Le chef du groupuscule Steven Bissuel, retiré du mouvement par la suite, avait été condamné à 20.000 euros d'amende à Lyon l'été dernier pour "provocation à la haine raciale et à la violence en raison d'une origine ethnique, en état de récidive légale". Il avait publié sur les réseaux sociaux un dessin d'ananas portant des étoiles jaunes et des pyjamas rayés, avec en sous-titre la mention "teneur garantie: 6 millions au Zyklon B".

Le président Emmanuel Macron s'était engagé fin février à la dissolution "des associations ou groupements qui par leur comportement nourrissent la haine, promeuvent la discrimination ou appellent à l'action violente".

Sept associations dissoutes en tout

Le ministre de l’Intérieur Christophe Castaner a dans le même temps annoncé la dissolution de six autres associations rattachées à ce premier groupe: "Les Petits Reblochons", "Association Lugdunum", "Cercle Frédéric Mistral", "Cercle Honoré d’Estienne d’Orves", "Association Arvernis" et "Solidarité Argentoratum".

"Ces sept associations, étroitement liées par leurs slogans, leurs doctrines, leurs méthodes et leurs appels à la violence constituent ensemble le 'Bastion social' et ont toutes été dissoutes ce jour", est-il écrit dans le communiqué.

La décision du Conseil des ministres intervient au moment où le gouvernement étudie les moyens de dissoudre un groupuscule d'extrême droite, Génération Identitaire.

Adepte de la théorie du "grand remplacement"
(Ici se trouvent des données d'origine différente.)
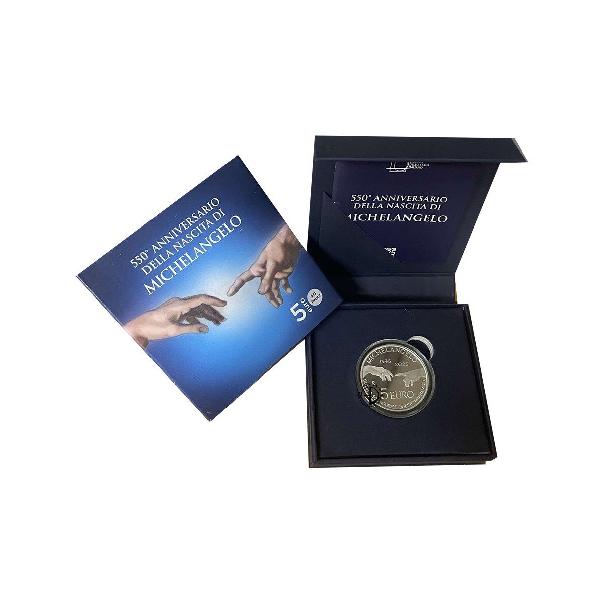 Rovescio: Al centro il particolare delle mani della Creazione di Adamo, affresco situato all’interno della Cappella Sistina. Nel giro, in alto, la scritta “MICHELANGELO” e nel campo le date “1475” e “2025”, rispettivamente, anno di nascita e anno di coniazione della moneta. Nel giro, in basso, la scritta “QUESTO SOL M’ARDE E QUESTO M’INNAMORA”. In basso “5 EURO”, valore nominale. A sinistra “R”, identificativo della Zecca di Roma.
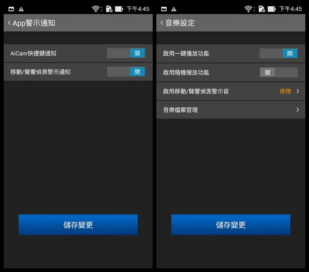 到了晚上也不用擔心畫面不清楚,AiCam 提供了紅外線夜間攝影功能,另外像是主動監控警示功能,AiCam 有動作感應和聲響感應兩種偵測功能,這在夜深人靜時也能「主動」依照環境因素的變化,啟動錄影或是 App 通知,是很實用的設計。
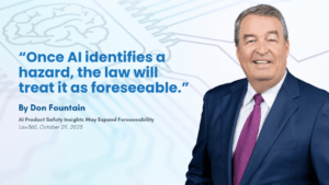 Read the full article: Law360 — “AI Product Safety Insights May Expand Foreseeability,” by Donald R. Fountain
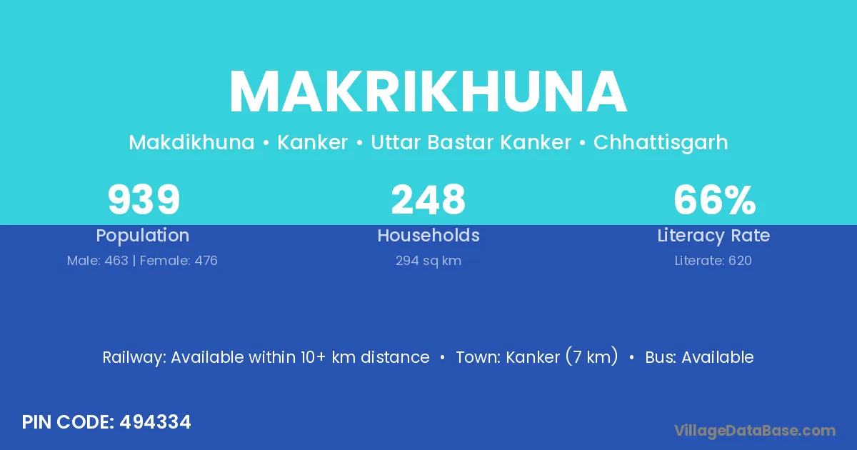 Kanker (7 km) is the nearest town to Makrikhuna village for major economic activities and is located approximately 7 km away.

Bastion Social a été créé au printemps 2017 à Lyon par des membres du Groupe Union Défense (GUD), syndicat étudiant d'extrême droite. Au mois de mai 2017, ils avaient investi un bâtiment désaffecté du centre de Lyon pour y héberger des SDF. Ils en avaient été expulsés en juin par la police, à la demande de la mairie, propriétaire du bâtiment.
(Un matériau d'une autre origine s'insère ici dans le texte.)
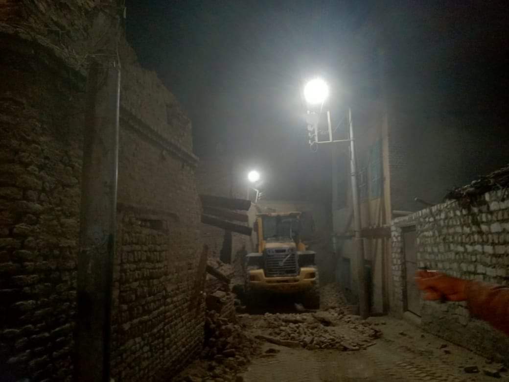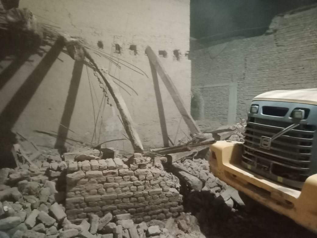 رفع أنقاض منزل الشنهورية المنهار وإعادة فتح الطريق بقنا
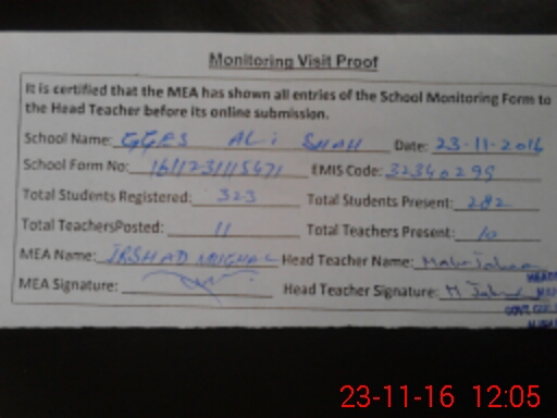 | EMIS Code: 32340299 | Name of School: GGES ALI SHAH | |||
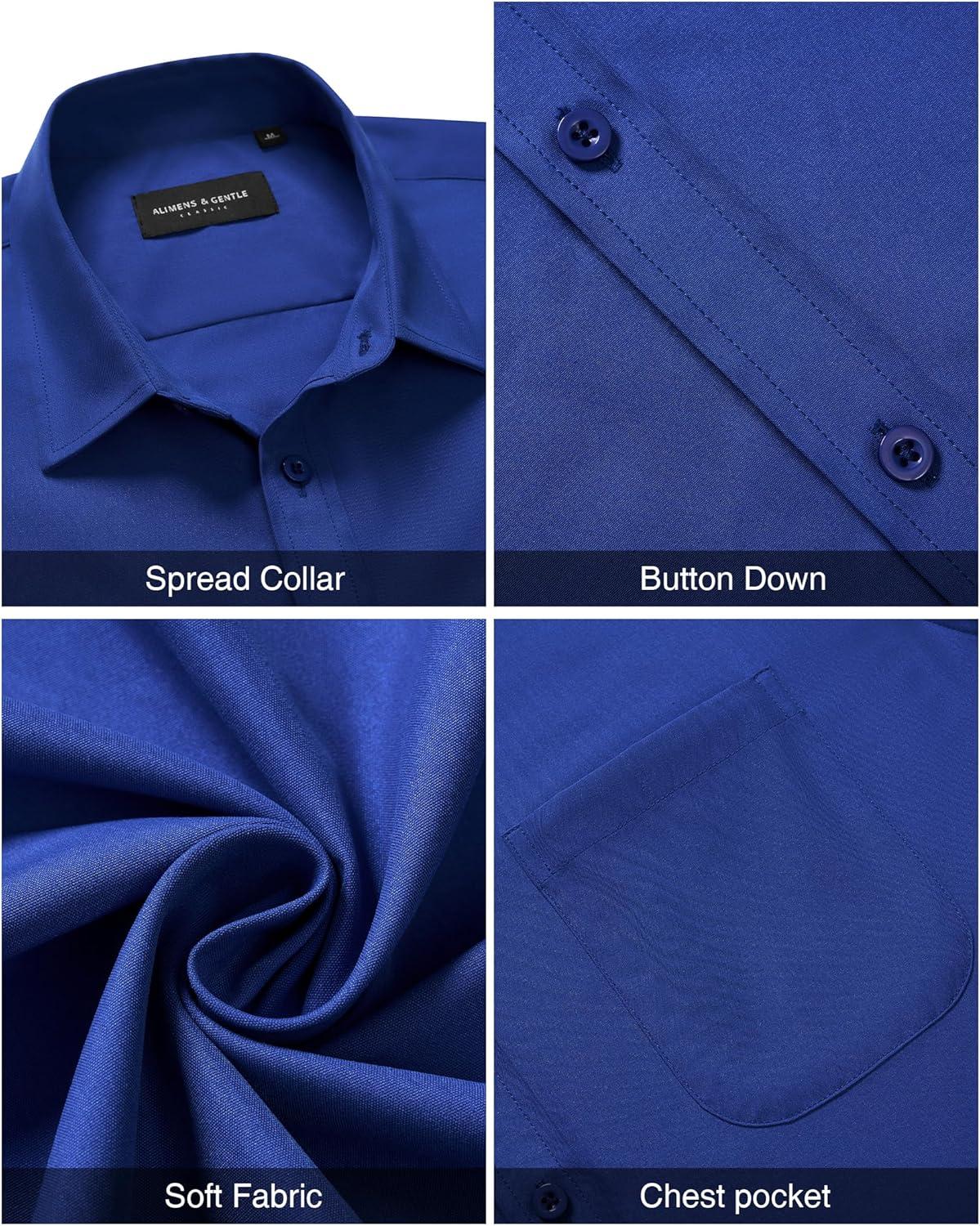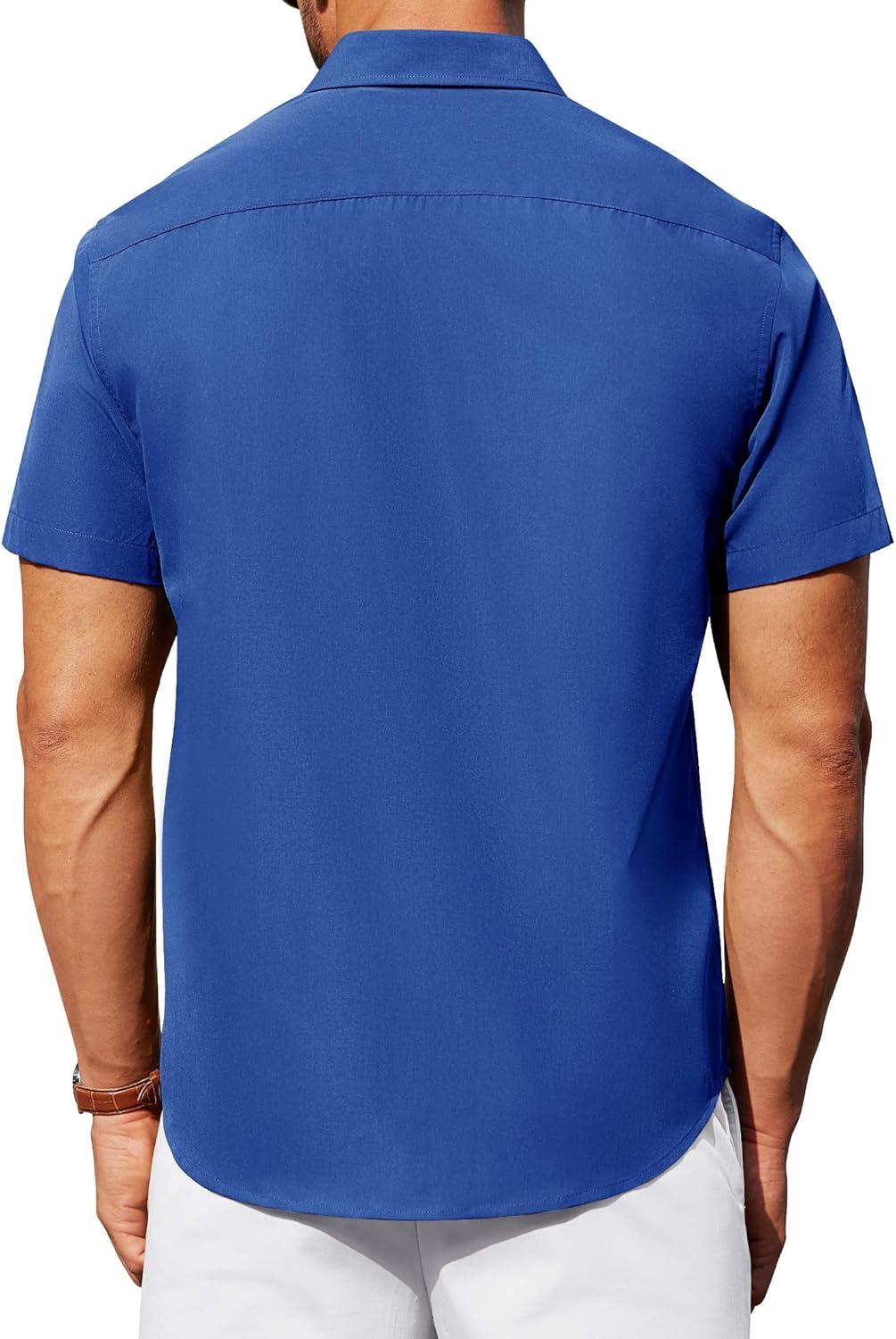 Alimens & Gentle Mens Short Sleeve Dress Shirt Wrinkle Free Solid Casual Button Down Shirts for Summer Business Wedding(Royal Blue)

Inspiré du mouvement italien CasaPound, le groupe est adepte des thèses du "grand remplacement", qui prophétise la disparition des "peuples européens". Il affirme également lutter contre le "capitalisme ultralibéral", et n'a pas caché sa sympathie pour le mouvement social des gilets jaunes.

"Le Bastion social est un mouvement national révolutionnaire qui a une visé à la fois social et de défense identitaire", avait défendu le porte-parole de l'association en décembre 2017.